The company has been attracting investors such as Salesforce CEO Marc Benioff, who has experience taking companies public.
“Getting Marc to invest was a game-changer for the company,” Morris said. “That’s when the Valley really began to take notice about what we’re doing.”
Other investors include KKR & Co. co-founder Henry Kravis; Uber co-founder Oscar Salazar; and billionaire Paul Tudor Jones. Institutional investors include Nima Capital and Goldman Sachs.
Morris was introduced to DiCaprio, a climate-change activist and recent Oscar winner, through mutual friends. DiCaprio “got enthusiastic about the environmental mission of the business,” Morris said. “He’s been a very vocal advocate for better environmental policies.”
Rubicon sells sustainability as a service. Rubicon said it is committed to diverting all the material it collects away from landfills by 2022, but declined to disclose what percent of total trash it collects currently winds up in landfills.

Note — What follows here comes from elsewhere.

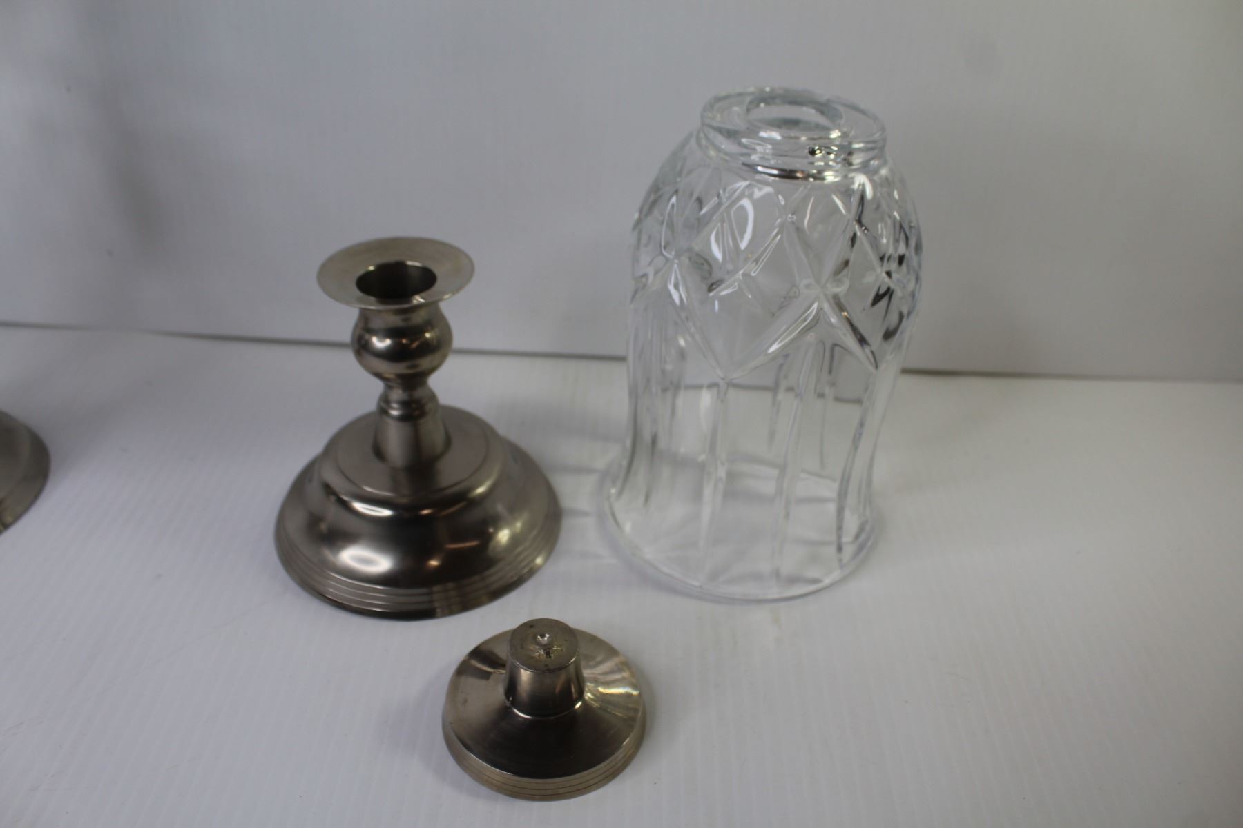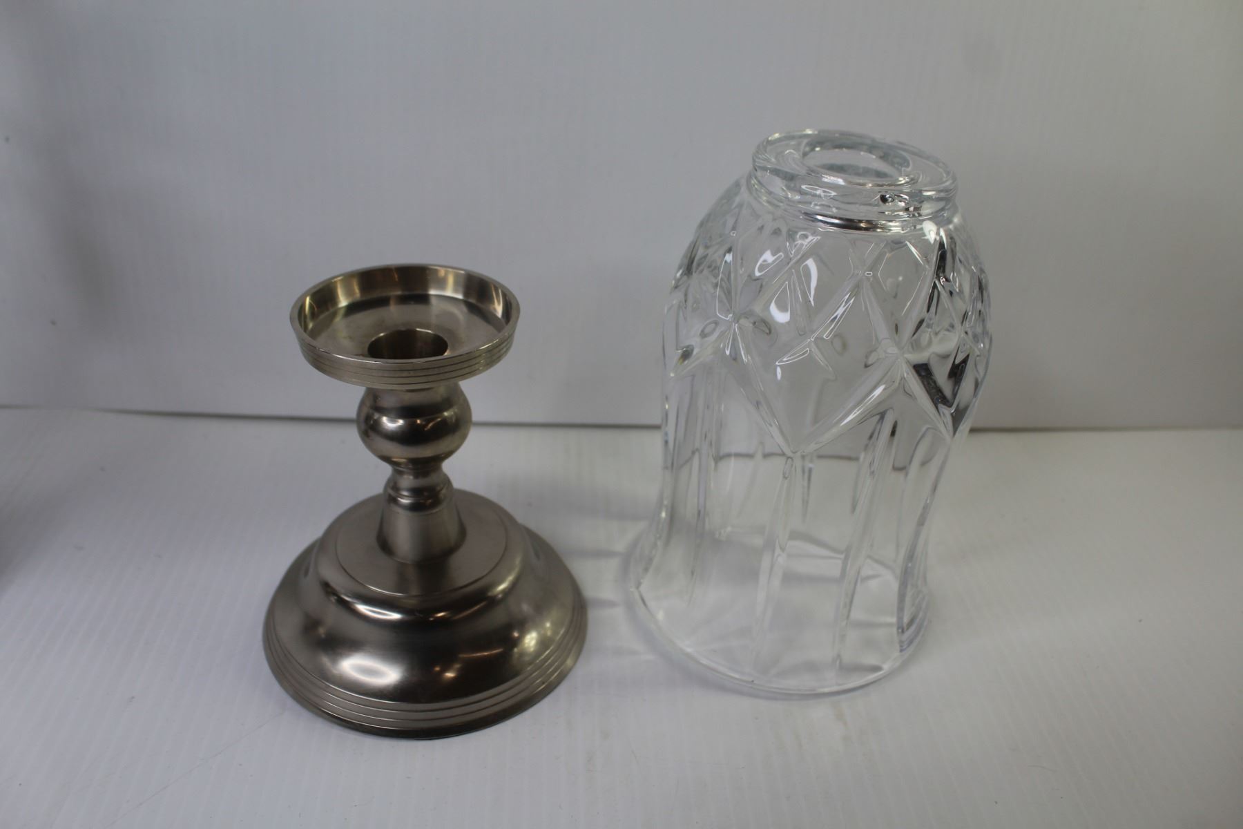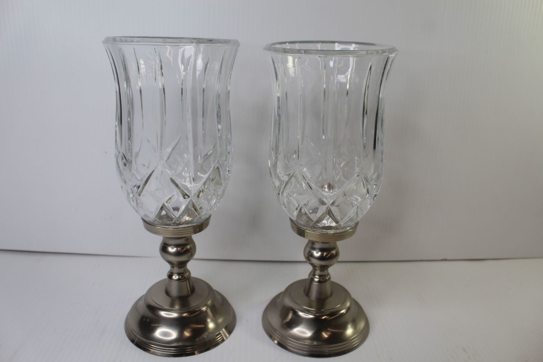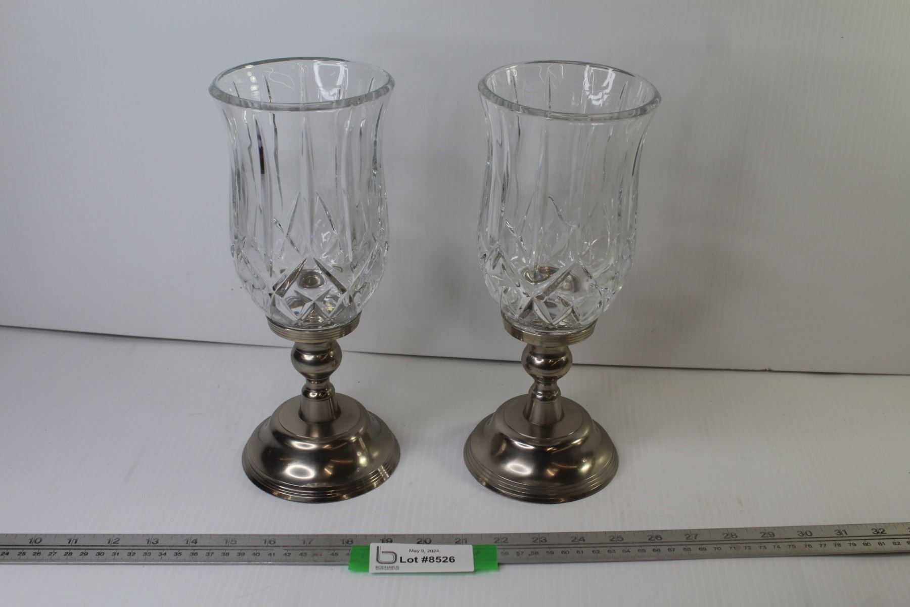 (2) Crystal Candle Holders on Metal Stands (look unused)

“Our incentives are not aligned to putting more trash in the landfill,” Simms said.
About 50 percent of all the garbage in the United State is food waste, which mostly ends up in landfills. Regulations are helping create entrepreneurial opportunities, such as composting and anaerobic digestion, that are alternatives to dumping food waste in landfills.
“We know we can solve for a minimum of 50 percent of the garbage that’s in the market today,” Morris said. “The question is, will it be cost-neutral, or better — and can it be an additional revenue stream? At Rubicon, we believe that’s possible.”

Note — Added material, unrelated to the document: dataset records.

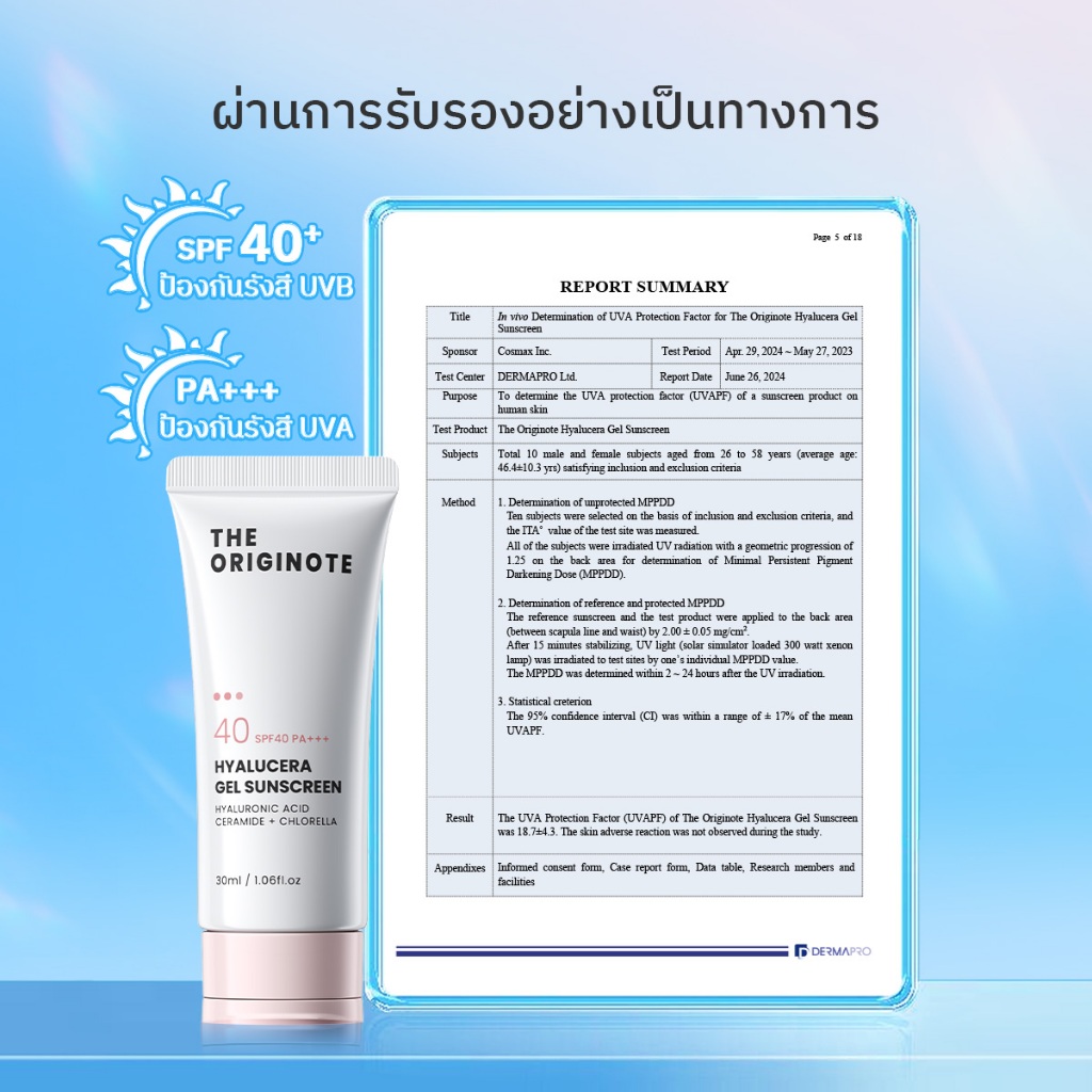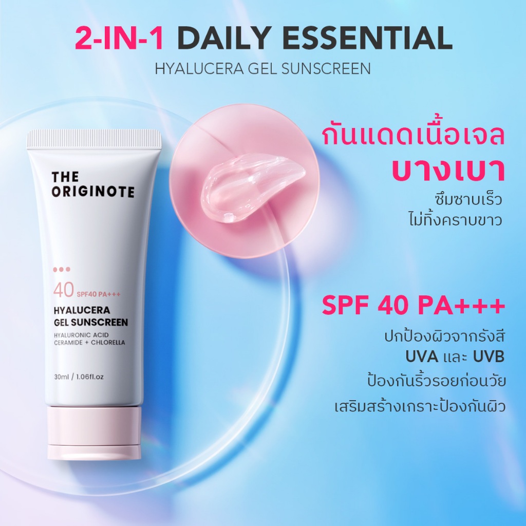 The Originote Hyalucera Gel Sunscreen SPF 40 PA+++ กันแดด กันแดดหน้า ครีมกันแดด ซึมไว ไม่เหนอะหนะ กันแดดตัว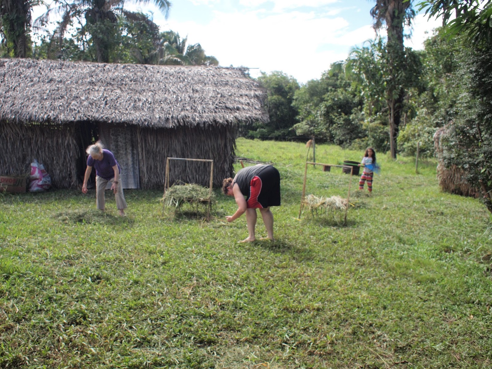 | Jaqi, Grace, and Camila hurry to get the hay in before the rain. |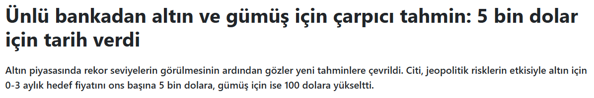 Citi'nin yukarı yönlü revizyonu, kısa vadeli 0-3 aylık dönem için geçerli temel senaryoyu kapsıyor. Banka, bu süreçte jeopolitik tansiyonun altın ve gümüş talebini destekleyeceğini öngörüyor. Rekor seviyelerin ardından gelen kar satışları, kısa vadeli düzeltme olarak değerlendirilirken, temel dinamiklerin güçlü kaldığına dikkat çekiliyor.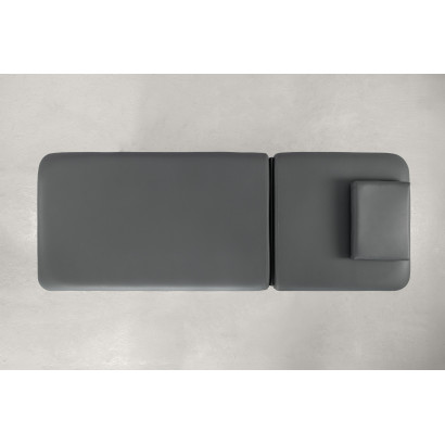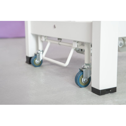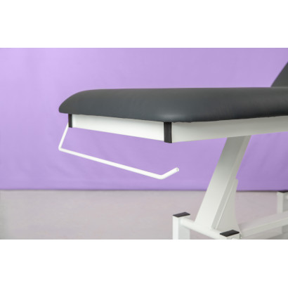 Table à 2 plans avec structure métallique très stable. Équipée d’un moteur permettant le réglage en hauteur à l’aide d’une télécommande à main. Dossier réglable par vérin à gaz. Coussin repose-tête amovible avec ouverture faciale. Roulettes escamotables à une extrémité de la table facilitant son déplacement. Porte-rouleau inclus.
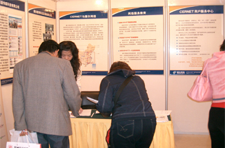 2006年11月19日, CERNET第十三屆學術年會在云南省昆明市的云安會都召開。賽爾網絡有限公司參加了此次年會的展覽,并為年會會場提供Native IPv6 ,IPv4的無線上網服務,無線語音服務。無線信號覆蓋大會主會場、分會場及部分展區。公司為了方便參會的老師上網接收郵件,除了在一層大廳設立了公司介紹展區,特在大會現場的二層六號會議室設立了無線上網體驗區。一早上就有近三百位的老師參觀了體驗區里的公司業務介紹展覽并親身體驗了Native IPv6無線上網。體驗區里設有CERNET用戶服務中心,8位來自客服呼叫中心、計費中心、NOC、NIC、CCERT、CER-SERV的同事還為老師們提供了現場的業務咨詢,并進行了客戶滿意度調查。
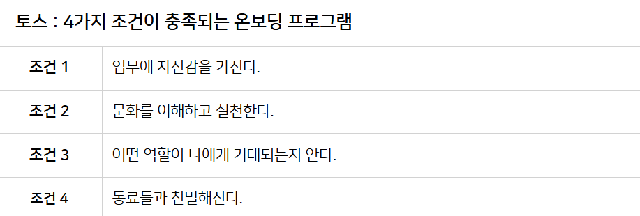 국내 IT 스타트업의 대명사 토스는 총 3개월 동안 아래 4가지 조건을 충족할 수 있는 온보딩 프로그램을 진행한다고 합니다.
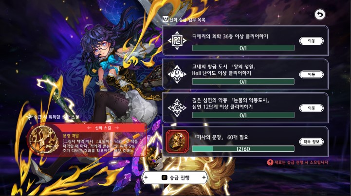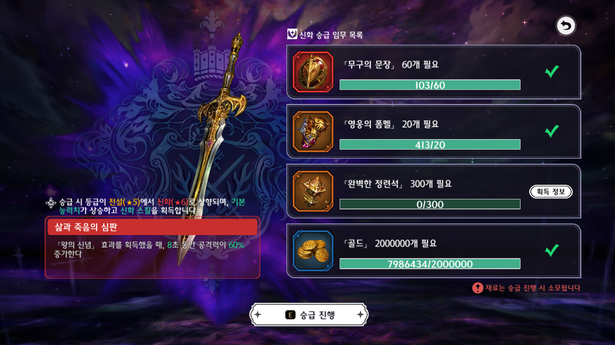 - [신화 승급]은 각각의 기사와 무기에 부여된 특정 미션을 클리어하게 되면 신화 등급으로 승급할 수 있습니다.

The cost per ton of putting waste into a landfill is higher than sending it to a recycler or a manufacturer who might use the waste as a raw material, said Keith Laabs, Rubicon’s chief of staff.
“Recycling turns into a circular economy, where you continue to use the materials over and over again,” Laabs said. “By not owning those assets, it allows us to promote that circular economy.”
Industry incumbents are taking notice of the economics of recycling. Waste Management has invested more than $1 billion in recycling infrastructure and more than $400 million in startup technologies.
“We continue to invest in new ways to recycle – and ways to recycle new things,” Waste Management spokeswoman Marla Prince said. “We are employing advanced technologies, expanding our single-stream recycling capacity and building our infrastructure to collect and process organic materials.”
Rubicon is targeting the $65 billion U.S. waste and recycling market. Globally, the company’s addressable market is worth about $900 billion.
“It’s a massive market…that has limited technology and misaligned incentives today,” Laabs said.
Scaling to capture more of that market is driving Rubicon’s Atlanta expansion. The majority of the new 300 jobs will be in sales as the company looks to expand beyond the local-and-small business market to the mid-sized business sector.
“Small to medium-sized businesses account for more than $35 billion of the total addressable market,” Laabs said. “We are really going to be focused on penetrating that space.”
Rubicon will also grow its software development unit.
“We’ve found a lot of success with attracting talent from the Valley to come to Atlanta,” Simms said. “We also found a lot of underutilized local talent coming from Georgia Tech and The University of Georgia.”